Мастер стал записывать предложение.
— Верно! Так оно звучит проще. Но только как-то неофициально… Могут подумать, что не очень нужно, и не дадут отпуска…
Он дал Сашке проверить то, что записал. Сашка указал на ту же ошибку в слове "предоставить". Мастер исправил ошибку и, наказав кончать перекуры и отправляться по рабочим местам, ничего не добавив, зашагал прочь по коридору.
— Запорол напрочь! —
— Пора отправляться в цеха, — заметил Игорь.
— Это почему же "в цеха"? — начал новую игру Саша. — Цех-то у нас с тобой один. И имя у него "Цех Нумер Семь"… Причём, все слова пишутся не с маленькой буквы, а с большой… Так же, как слова Завод и Стены… Потому как Цех — это его имя, Нумер — его отчество… То бишь, цехового отца звали тоже Нумером. Он евреем, наверное, был… А фамилия его — Семь — происходит от слова семит, а семит — сродни семье. Это говорит нам о том, что он не один как таковой на свете, а их много — братьев и сестёр — в семье Единого и Неделимого Родного Завода… Так вот, он по счёту случайно оказался седьмым… А Летучий теперь составляет объяснительную для самого отца всех цехов. Только боится оказаться с перебитыми ногами, если допустит хотя бы одну ошибку…

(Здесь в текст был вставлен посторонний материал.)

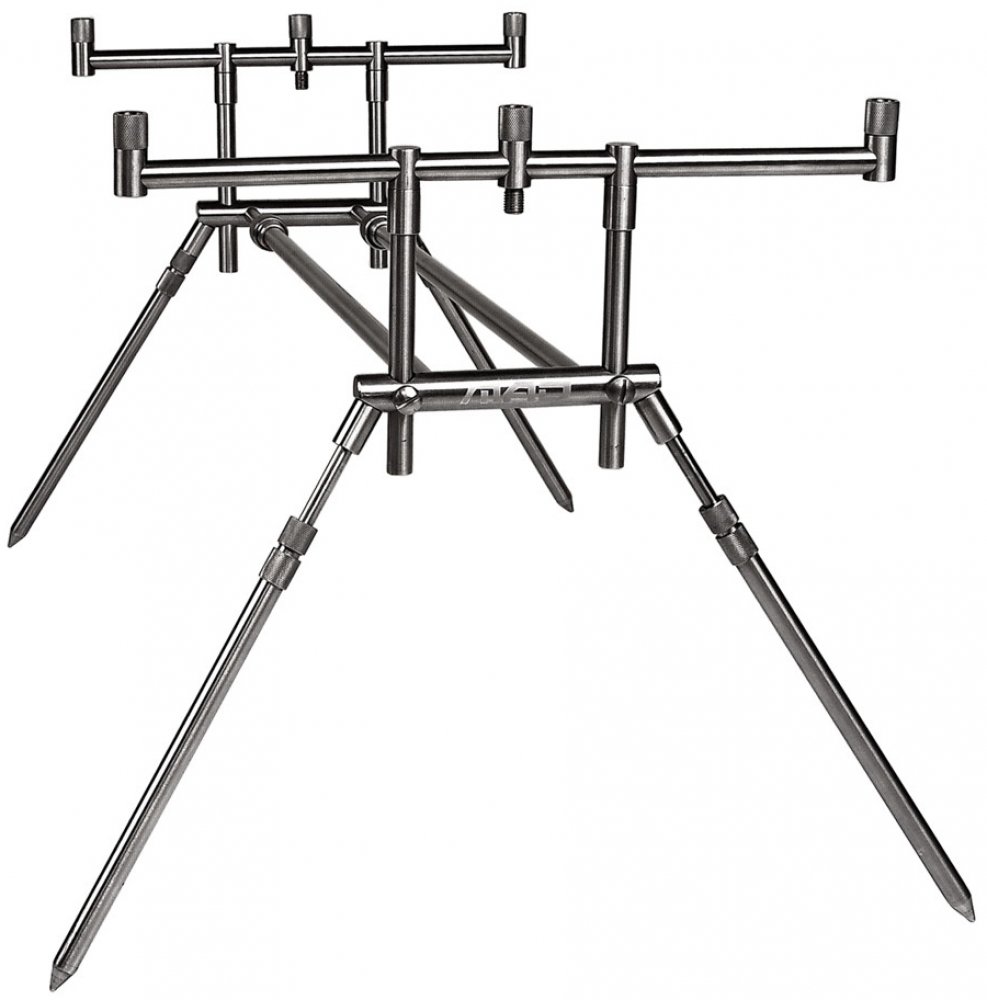 Kompaktní stojan z nerezové oceli s dvojitou páteří, který je vhodný na 2 nebo 3 pruty. Hrazdy se dají odšroubovat a následně použít s vidličkami. Otočné zámky redukují riziko zachycení vlasce za šroub na minimum (na celém stojanu jsou pouze 4 šrouby). Dodává se v praktickém obalu. Rozměry (nejmenší možná velikost): 28 x 38 x 65 cm.

— Хватит! — Не выдержал Игорь и двинулся по коридору к цеху.
— Только в эту объяснительную вместо слов: "учебный отпуск" он подставит слова: "дядю Колю-робота"… — Сашка шёл рядом, продолжая говорить, не видя логического конца, чтобы остановиться. — И тогда получится: "По причине необходимости сдачи металла прошу представить дядю Колю-робота". Это значит, что Летучий хочет дядю Колю порешить. Потому что знаешь, кто был отец-то Летучего?..
Они вошли в цех, по очереди предъявили охраннику свои пропуска. Сашка подождал секунду-другую, и, пройдя несколько шагов далее, видя, что Игорь молчит, закончил:
— Его отец был тем самым изобретателем, что дядю Колю сконструировал. Вот кто! Понял?!

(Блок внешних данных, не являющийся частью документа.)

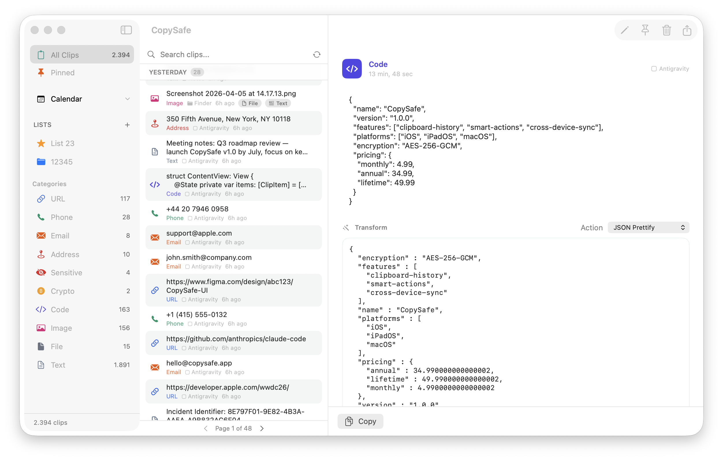 CopySafe detects what you copy, categorizes it, and suggests the right action.

— Не пори!! Хватит!!! — вскрикнул Игорь, не останавливаясь.
— Только у него ничего не получится! — продолжал Сашка, шагая рядом с товарищем нога в ногу, — Летучий не подозревает, что на самом-то деле его дни сочтены. Потому как цеховой отец покровительствует дяде Коле. Недаром он порешил изобретателя… И даже если Летучий составит объяснительную грамотно, всё равно его порешат…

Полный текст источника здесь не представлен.